Imagine all the business people using Claude to ask all their data related questions, instead of bugging the analytics engineer! Also, for quick ad hoc visualizations there’s no need to whip up a separate report, just let Claude build it.
5. Summary
Let's take a step back and reflect on what we built and what we learned.
In Part 2, we extended our dbt project with a semantic layer using Snowflake's Semantic Views and dbt’s dbt_semantic_view package. We then connected Claude Desktop to the Snowflake MCP server and showed how natural language questions can return accurate, verified results against our data along with some ad hoc graphs for better understanding of the data.
Some key takeaways from this part:
- The semantic layer is the foundation for AI-powered analytics. Without well-defined metrics, AI agents are left guessing. Defining your business logic in a semantic layer means the AI has a reliable map to navigate your data. It removes ambiguity and replaces it with trust.
- dbt and Snowflake complement each other well in the semantic layer. Using the
dbt_semantic_viewpackage means the semantic view becomes a first-class citizen in your dbt DAG: version controlled, testable, and part of the same workflow as the rest of your models. - Self-service and conversational analytics is already here. I connected Claude Desktop to Snowflake via MCP and asked plain English questions. Got accurate results and ad hoc visualizations back instantly. No SQL, no BI tools, no waiting.
- Access to data is being democratized. No longer do you need to bug the analytics engineer or learn SQL to query or visualize your data fast. Just use plain English and watch the magic happen!

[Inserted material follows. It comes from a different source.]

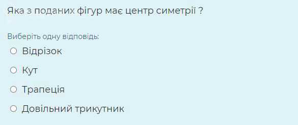 Отрезок точно имеет центр симметрии, это его середина. Трапеция, угол и Треугольник центра симметрии не имеют. Треугольник не имеет центра симметрии, даже если он равносторонний.

To recap everything from this blog series: we built our project with AI in Part 1 and enabled it for natural language analytics in Part 2. We have showed that already today we can both speed up our development process considerably with AI, but at the same time we need to make sure that our data projects are ready to be consumed both by humans and AI agents.
It’s a shift that is already happening and will become table stakes in most companies in the near future. Are you ready for it?